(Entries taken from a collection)
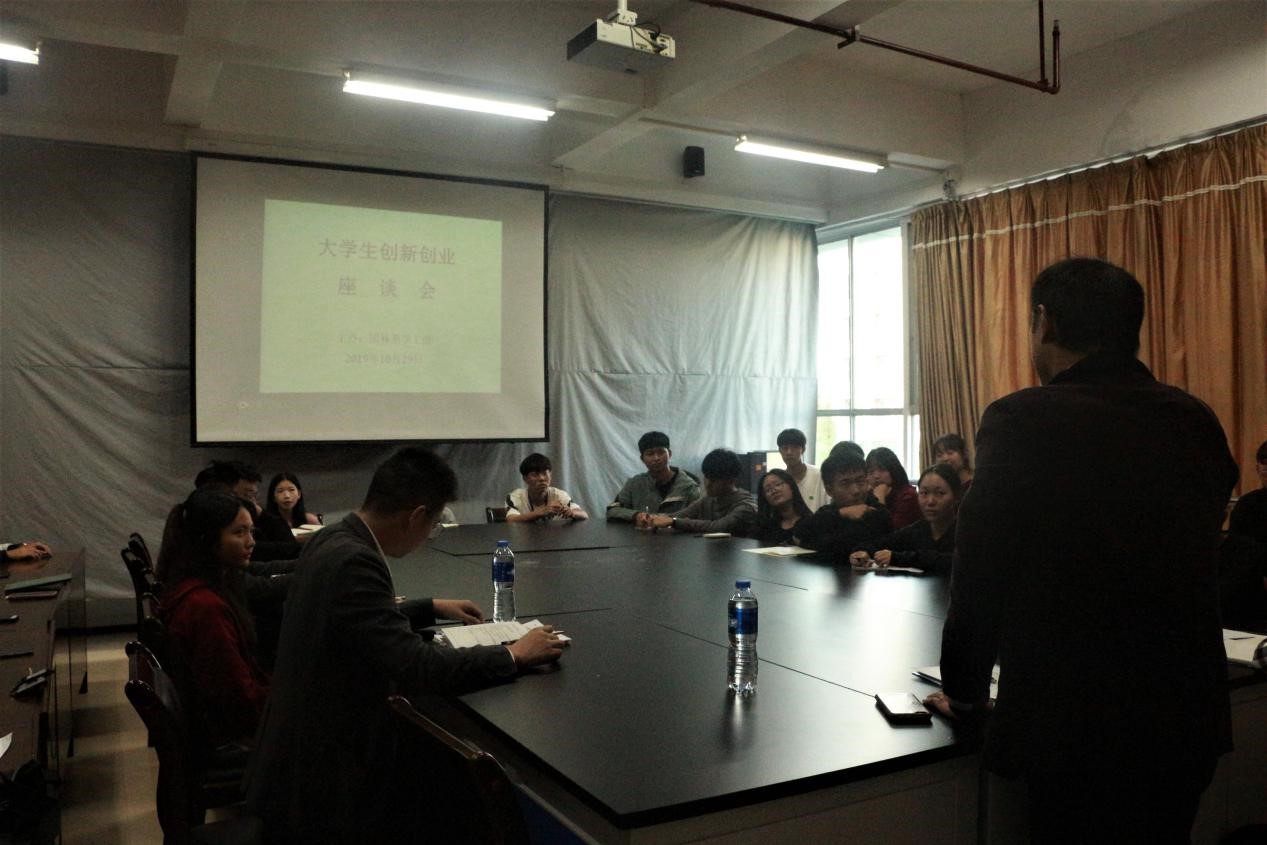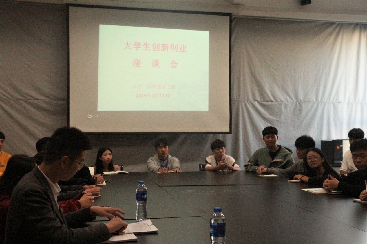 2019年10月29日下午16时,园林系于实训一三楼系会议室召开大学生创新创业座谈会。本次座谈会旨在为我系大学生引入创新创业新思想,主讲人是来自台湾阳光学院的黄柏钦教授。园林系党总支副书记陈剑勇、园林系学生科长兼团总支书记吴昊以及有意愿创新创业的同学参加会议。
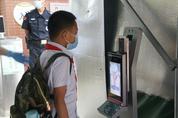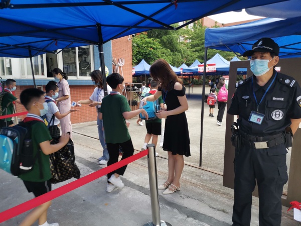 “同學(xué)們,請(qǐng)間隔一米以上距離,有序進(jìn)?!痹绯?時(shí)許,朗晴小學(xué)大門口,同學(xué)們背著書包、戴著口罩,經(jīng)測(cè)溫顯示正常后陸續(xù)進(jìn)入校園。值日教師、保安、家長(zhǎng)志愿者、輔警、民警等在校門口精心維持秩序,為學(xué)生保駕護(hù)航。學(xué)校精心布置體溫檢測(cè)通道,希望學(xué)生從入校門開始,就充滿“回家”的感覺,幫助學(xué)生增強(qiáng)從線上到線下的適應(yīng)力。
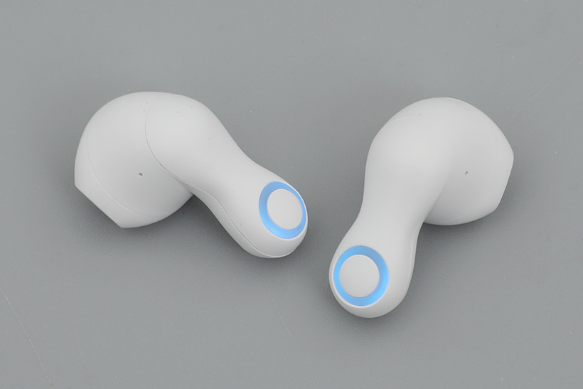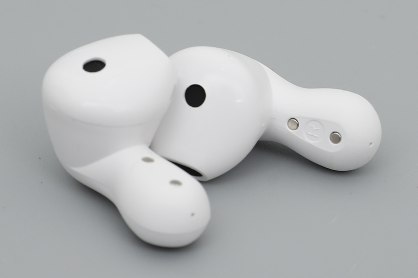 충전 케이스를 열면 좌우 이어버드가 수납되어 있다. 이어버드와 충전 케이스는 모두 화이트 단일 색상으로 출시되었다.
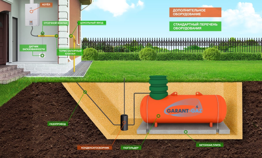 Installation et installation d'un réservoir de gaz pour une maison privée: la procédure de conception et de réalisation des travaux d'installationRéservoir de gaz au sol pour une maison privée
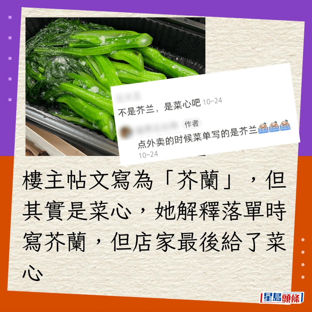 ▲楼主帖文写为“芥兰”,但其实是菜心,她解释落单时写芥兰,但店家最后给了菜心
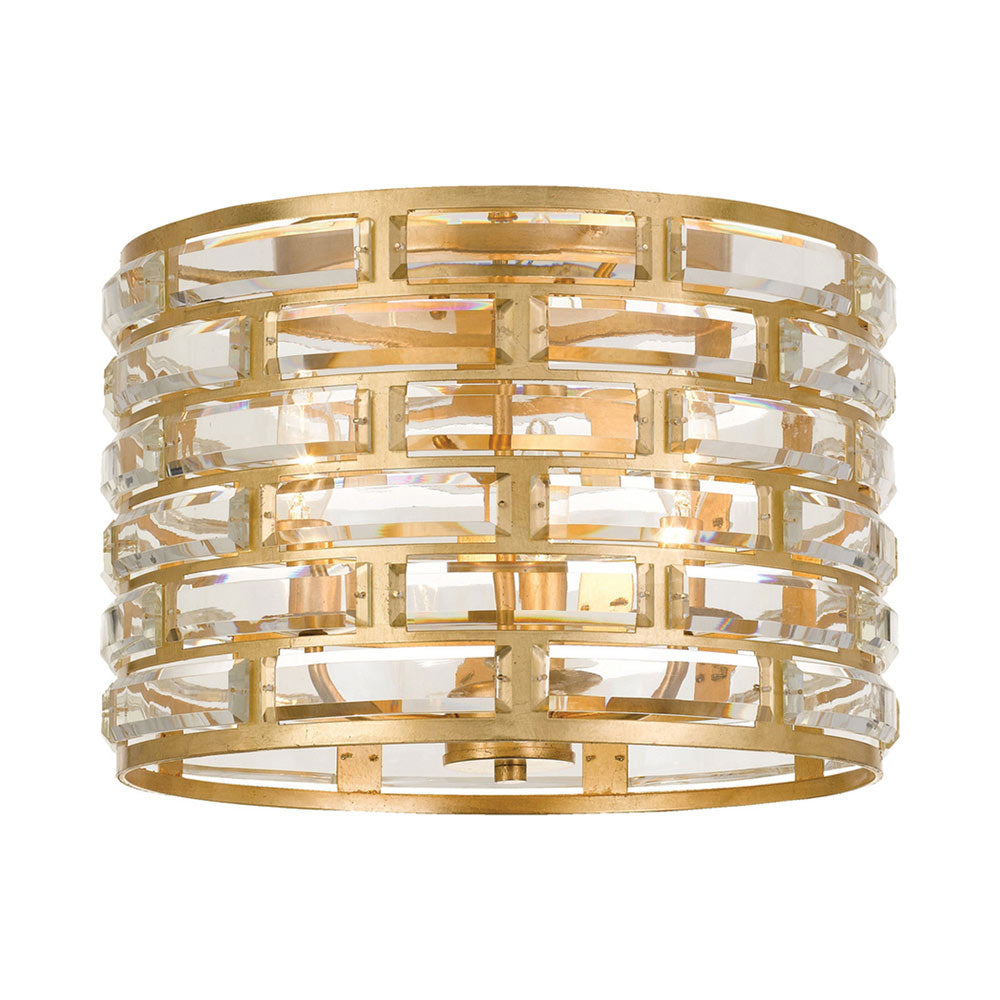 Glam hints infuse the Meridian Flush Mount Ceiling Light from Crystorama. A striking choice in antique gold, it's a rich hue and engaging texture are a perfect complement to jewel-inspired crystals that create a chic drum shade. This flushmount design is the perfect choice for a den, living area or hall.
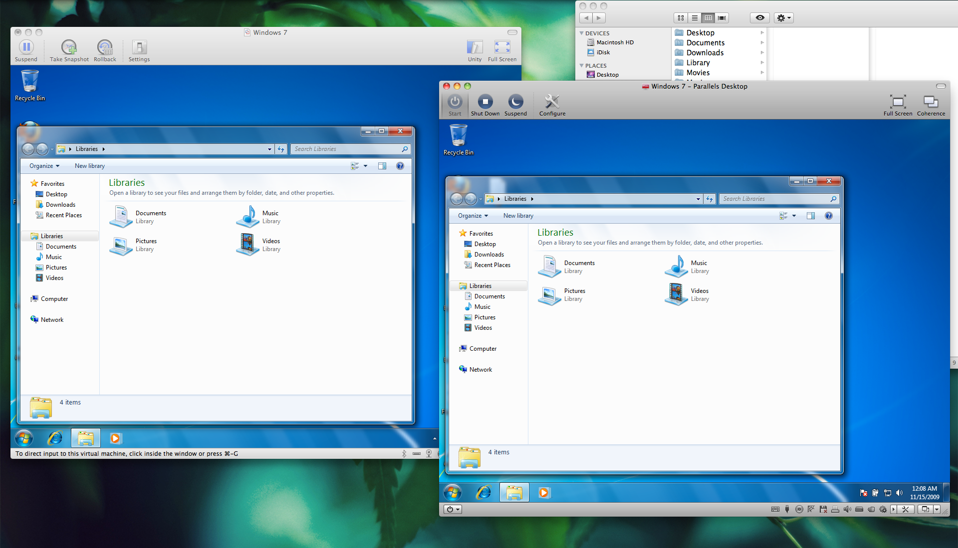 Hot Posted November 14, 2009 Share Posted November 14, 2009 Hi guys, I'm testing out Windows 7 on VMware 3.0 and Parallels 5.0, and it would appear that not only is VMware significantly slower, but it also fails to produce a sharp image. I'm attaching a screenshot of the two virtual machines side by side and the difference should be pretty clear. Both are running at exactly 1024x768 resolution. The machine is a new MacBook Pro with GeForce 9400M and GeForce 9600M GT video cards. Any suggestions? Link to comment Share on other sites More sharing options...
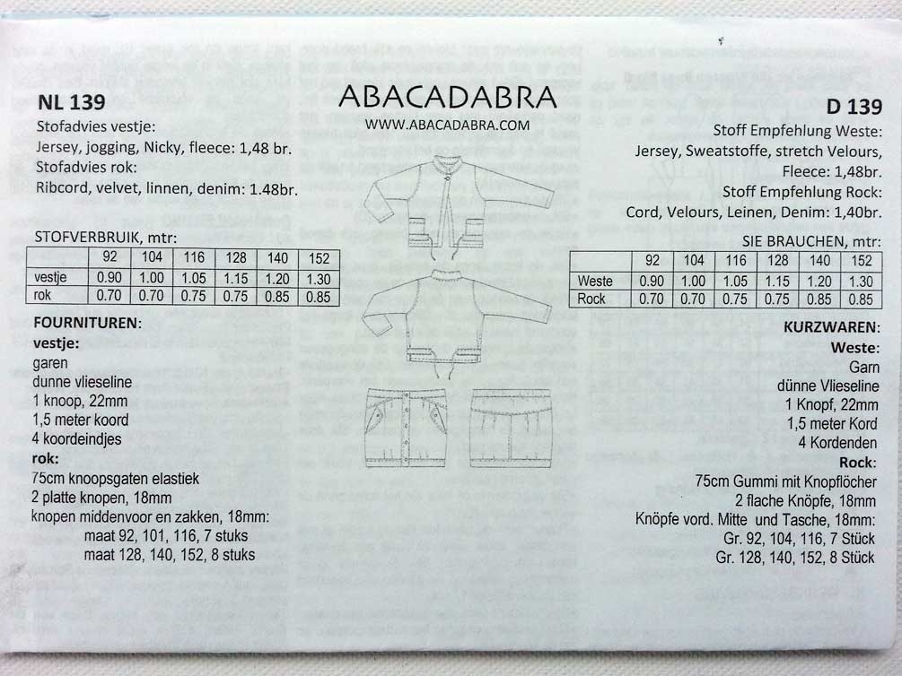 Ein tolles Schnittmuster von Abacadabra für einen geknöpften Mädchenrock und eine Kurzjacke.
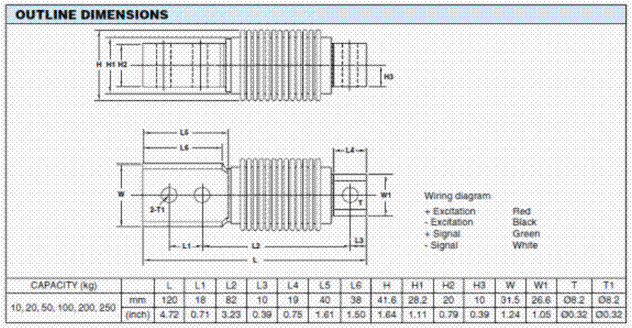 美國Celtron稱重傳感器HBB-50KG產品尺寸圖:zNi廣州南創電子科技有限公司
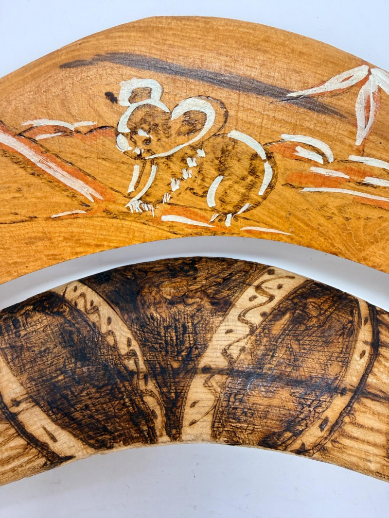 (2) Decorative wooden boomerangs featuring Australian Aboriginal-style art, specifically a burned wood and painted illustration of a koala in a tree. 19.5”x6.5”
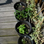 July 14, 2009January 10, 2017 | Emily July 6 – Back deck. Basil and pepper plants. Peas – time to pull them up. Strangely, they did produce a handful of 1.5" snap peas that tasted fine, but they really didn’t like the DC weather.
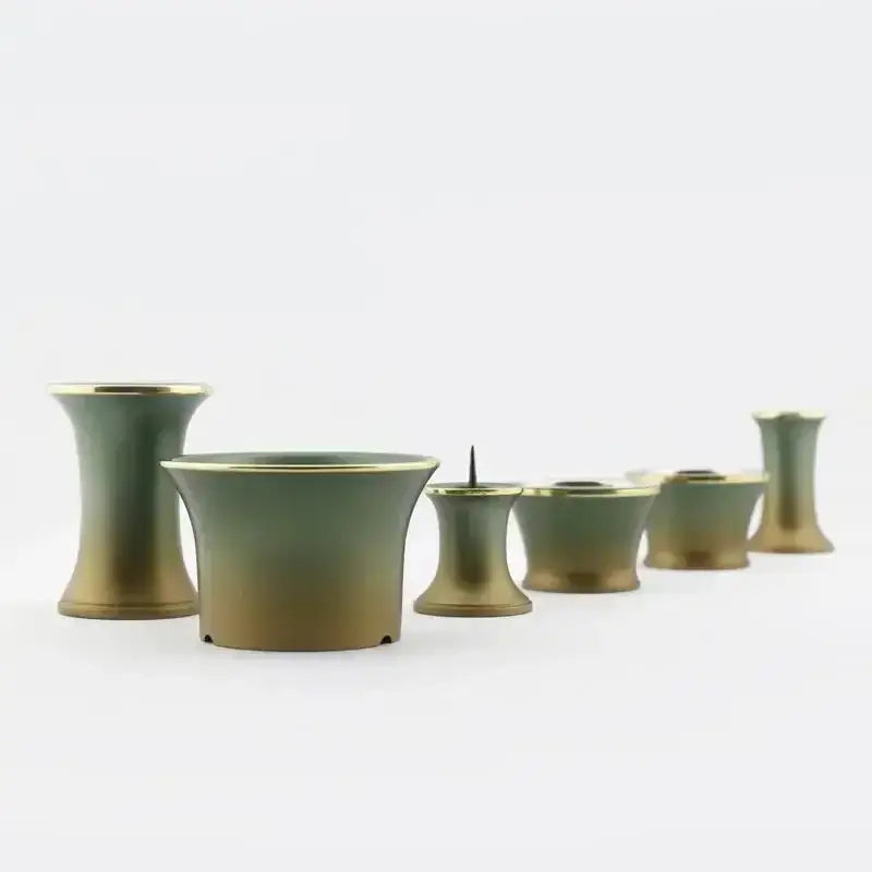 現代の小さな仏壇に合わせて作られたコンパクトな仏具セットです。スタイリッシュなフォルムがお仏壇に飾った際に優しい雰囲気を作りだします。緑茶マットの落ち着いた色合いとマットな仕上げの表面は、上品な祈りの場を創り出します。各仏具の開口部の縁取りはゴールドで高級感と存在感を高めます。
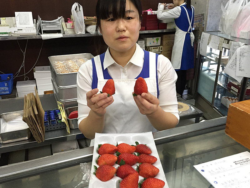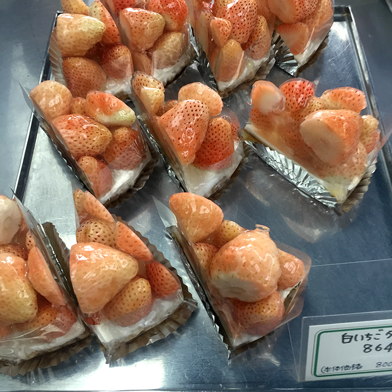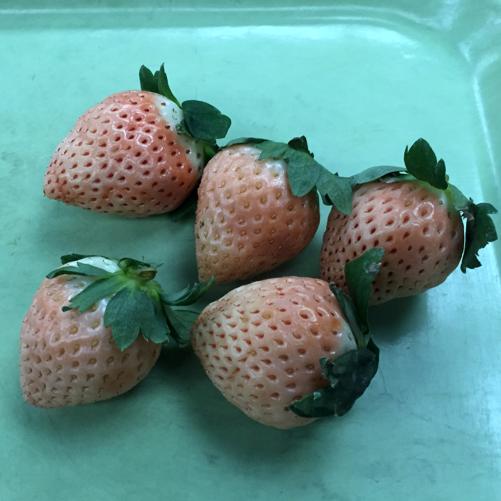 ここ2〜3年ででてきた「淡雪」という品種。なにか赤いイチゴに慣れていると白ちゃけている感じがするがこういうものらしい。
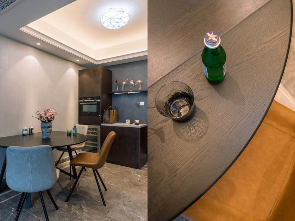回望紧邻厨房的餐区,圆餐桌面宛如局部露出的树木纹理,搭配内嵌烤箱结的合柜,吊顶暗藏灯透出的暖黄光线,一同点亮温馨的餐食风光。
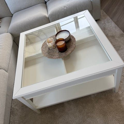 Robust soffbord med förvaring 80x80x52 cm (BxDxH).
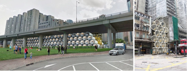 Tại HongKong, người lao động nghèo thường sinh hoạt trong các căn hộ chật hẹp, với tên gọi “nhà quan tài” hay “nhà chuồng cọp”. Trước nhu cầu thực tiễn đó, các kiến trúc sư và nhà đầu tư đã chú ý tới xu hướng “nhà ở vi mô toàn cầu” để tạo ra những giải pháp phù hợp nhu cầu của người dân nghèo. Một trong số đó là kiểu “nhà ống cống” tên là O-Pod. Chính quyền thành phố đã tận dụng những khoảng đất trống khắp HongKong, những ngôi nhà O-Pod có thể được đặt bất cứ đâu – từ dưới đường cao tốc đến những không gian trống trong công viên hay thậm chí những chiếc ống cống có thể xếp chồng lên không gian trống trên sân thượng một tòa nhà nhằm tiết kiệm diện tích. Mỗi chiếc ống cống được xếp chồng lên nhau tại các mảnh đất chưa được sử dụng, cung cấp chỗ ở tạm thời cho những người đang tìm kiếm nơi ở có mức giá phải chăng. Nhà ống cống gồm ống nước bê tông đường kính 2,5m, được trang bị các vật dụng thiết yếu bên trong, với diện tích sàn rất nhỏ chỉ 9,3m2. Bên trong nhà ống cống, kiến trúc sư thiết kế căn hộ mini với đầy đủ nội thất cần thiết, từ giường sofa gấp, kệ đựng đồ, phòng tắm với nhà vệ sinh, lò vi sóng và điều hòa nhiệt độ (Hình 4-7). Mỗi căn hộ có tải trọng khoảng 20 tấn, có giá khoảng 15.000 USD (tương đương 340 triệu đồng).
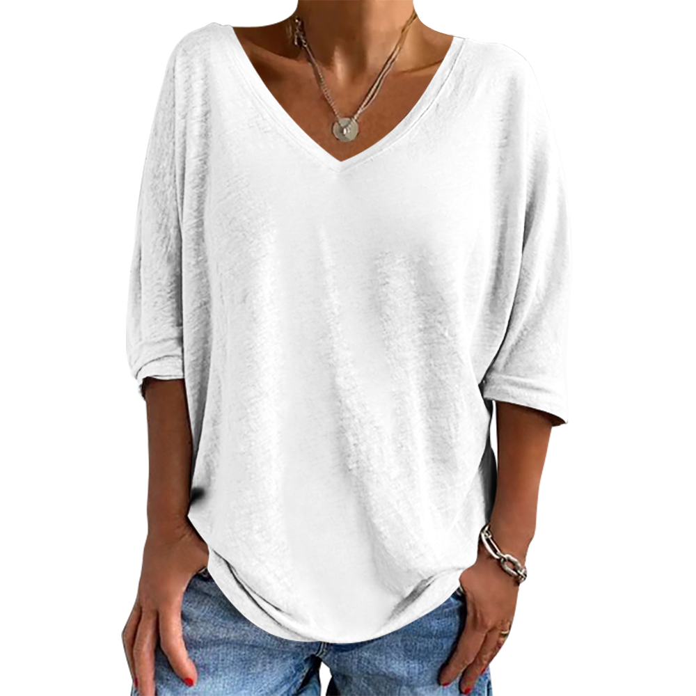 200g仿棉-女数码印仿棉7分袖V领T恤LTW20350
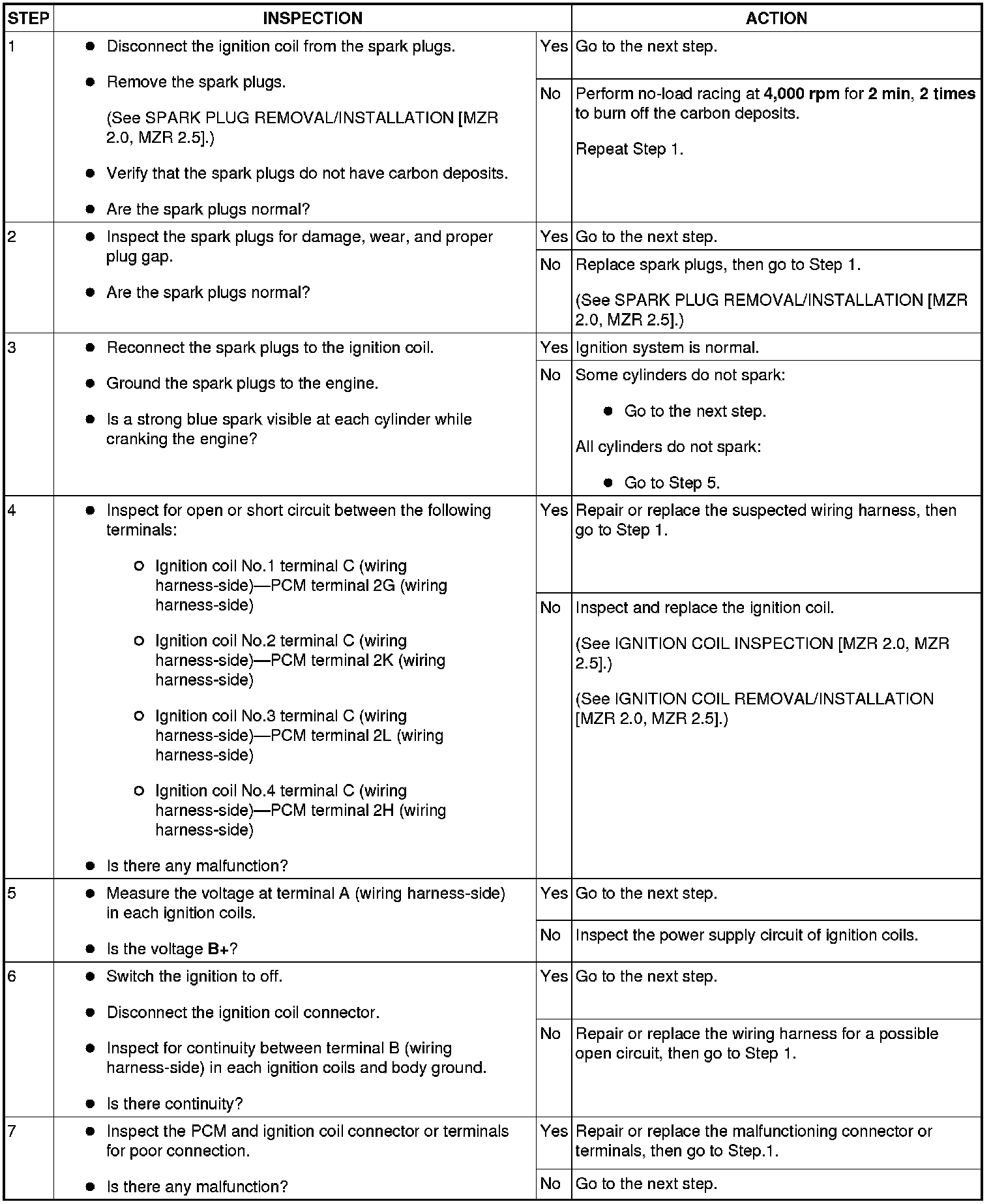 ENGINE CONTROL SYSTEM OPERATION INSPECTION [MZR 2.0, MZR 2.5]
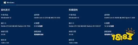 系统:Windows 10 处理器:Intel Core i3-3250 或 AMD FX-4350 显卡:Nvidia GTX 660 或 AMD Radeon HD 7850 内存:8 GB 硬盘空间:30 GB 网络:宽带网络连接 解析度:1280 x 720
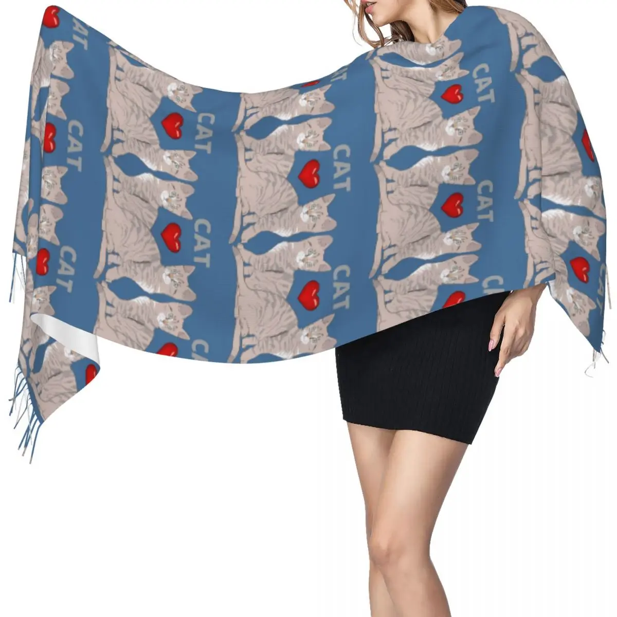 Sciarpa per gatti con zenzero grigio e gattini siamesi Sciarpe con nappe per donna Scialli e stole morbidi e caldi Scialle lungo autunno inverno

# WHAT THE TASK ASKS
A word-for-word reproduction is needed of the lines above from the line containing "Robust soffbord med" through the line containing "200g仿棉-女数码印仿棉7分袖V领T恤LTW20350", with both ends kept and no pictures.

# RESPONSE AREA
 Robust soffbord med förvaring 80x80x52 cm (BxDxH).
 Tại HongKong, người lao động nghèo thường sinh hoạt trong các căn hộ chật hẹp, với tên gọi “nhà quan tài” hay “nhà chuồng cọp”. Trước nhu cầu thực tiễn đó, các kiến trúc sư và nhà đầu tư đã chú ý tới xu hướng “nhà ở vi mô toàn cầu” để tạo ra những giải pháp phù hợp nhu cầu của người dân nghèo. Một trong số đó là kiểu “nhà ống cống” tên là O-Pod. Chính quyền thành phố đã tận dụng những khoảng đất trống khắp HongKong, những ngôi nhà O-Pod có thể được đặt bất cứ đâu – từ dưới đường cao tốc đến những không gian trống trong công viên hay thậm chí những chiếc ống cống có thể xếp chồng lên không gian trống trên sân thượng một tòa nhà nhằm tiết kiệm diện tích. Mỗi chiếc ống cống được xếp chồng lên nhau tại các mảnh đất chưa được sử dụng, cung cấp chỗ ở tạm thời cho những người đang tìm kiếm nơi ở có mức giá phải chăng. Nhà ống cống gồm ống nước bê tông đường kính 2,5m, được trang bị các vật dụng thiết yếu bên trong, với diện tích sàn rất nhỏ chỉ 9,3m2. Bên trong nhà ống cống, kiến trúc sư thiết kế căn hộ mini với đầy đủ nội thất cần thiết, từ giường sofa gấp, kệ đựng đồ, phòng tắm với nhà vệ sinh, lò vi sóng và điều hòa nhiệt độ (Hình 4-7). Mỗi căn hộ có tải trọng khoảng 20 tấn, có giá khoảng 15.000 USD (tương đương 340 triệu đồng).
 200g仿棉-女数码印仿棉7分袖V领T恤LTW20350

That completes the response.